If you upsample the 44.1khz signal to double the sample rate, 88.2khz, now your filter needs to only be at 44.1khz (at half 88.2) for Shannon-Nyquist perfection. And since we know that we actually only care about frequencies up to 20kz, now we have lots of room - we can use a low-pass filter with a gentle downward slope between ~20khz to ~44.1kz, an easy filter to make that doesn't distort things.

This solves the problem of making nice easy low-pass filters, but introduces a new problem - the interpolated samples are not a prefect match to the real waveform, because they have to be approximated. So now you have tons of work around designing these upsampling interpolation algorithms (that are also called "filters", godammit). All of the "DAC in a chip" DACs have to do these computations using limited silicon. Higher end stuff may have a dedicated cpu for the interpolation - for example Mike Moffat (@baldr) of Schiit worked together with some other impressive academics to create their own unique "closed form" filter that runs in a DSP chip. ("Closed form", as far as I understand it, which may be wrong, is a mathematical term that means that despite upsampling the original wave into a new wave that is an approximation of the original, they can still recover the original digital samples after their filter is done, before moving on to the bit->voltage conversion stage.)

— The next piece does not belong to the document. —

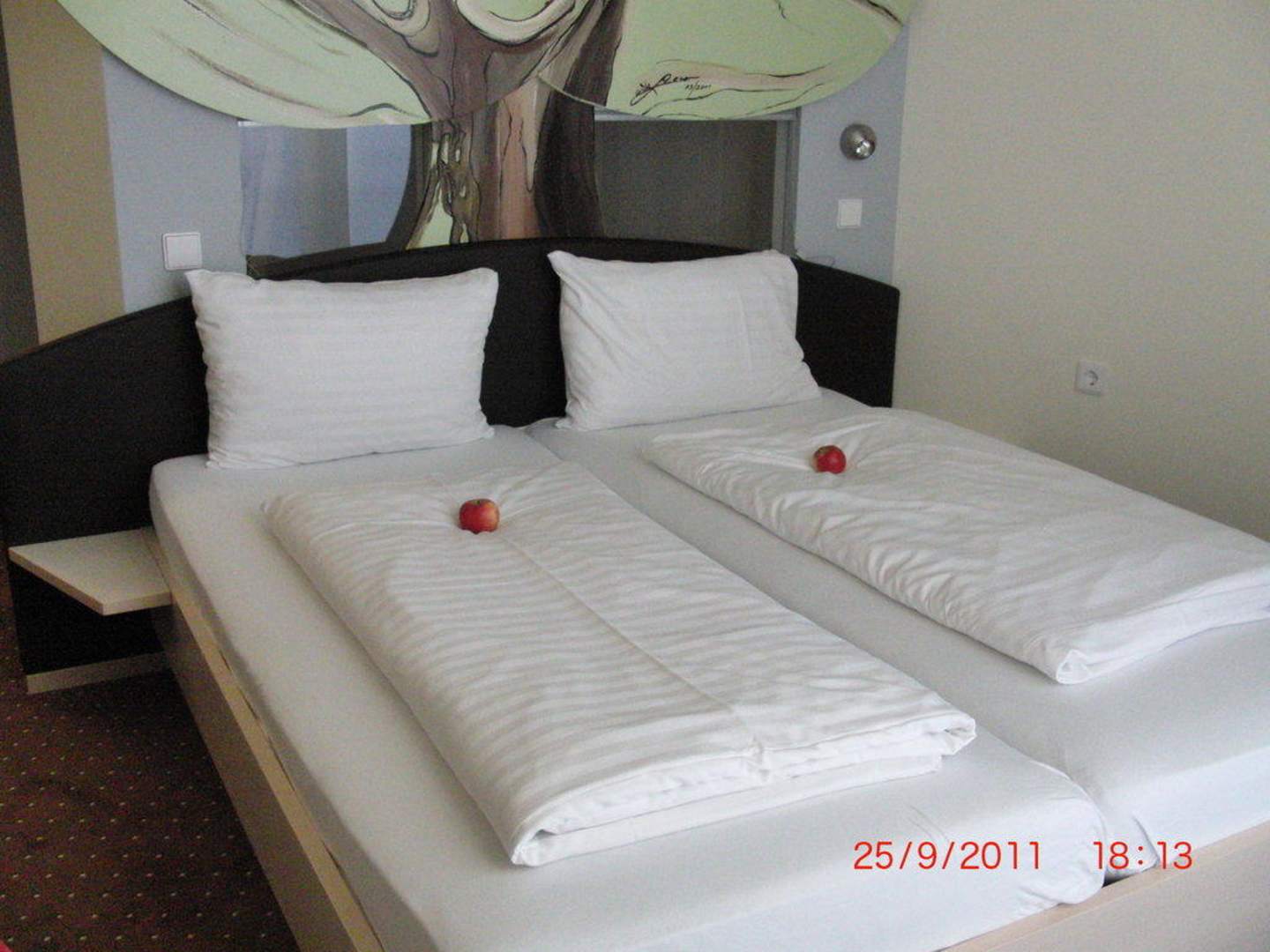Doppelbett, Schlafbereichsehr nett waren die Äpfel, die wir bei unserer Ankunft vorfanden

Thus, the only real weakness of the Redbook 44.1khz sample rate is that it is so tight to the frequency limit we care about (20khz) that it made it hard to build DACs, due to the steep filter requirement. If the standard had been 88.2khz, or 96khz, we wouldn't have a more accurate digital representation of our music. The wave form in either case can theoretically come out perfect - but it would have benefited us by making the job of building the low pass filter easy, and thus eliminated the need for tricks like oversampling.

Briefly, on bit-depth: In short, bit depth translates into two things - the maximum dynamic range that can be expressed numerically, and noise from the quantization error of the discrete digital bit quantities. 16 bits gives 96db in dynamic range and the quantization noise floor is in theory inaudible... but this is arguable. The higher the bit-depth the more dynamic range, and the lower the noise floor. Technically, CD audio's 16 bit depth is pretty good - for example it exceeds the technical capabilities of vinyl by a wide margin. So, that said, increasing bit depth _does_ mathematically improve the audio signal, mostly by lowering noise floor, so there is some basis for arguing that greater bit depth is better.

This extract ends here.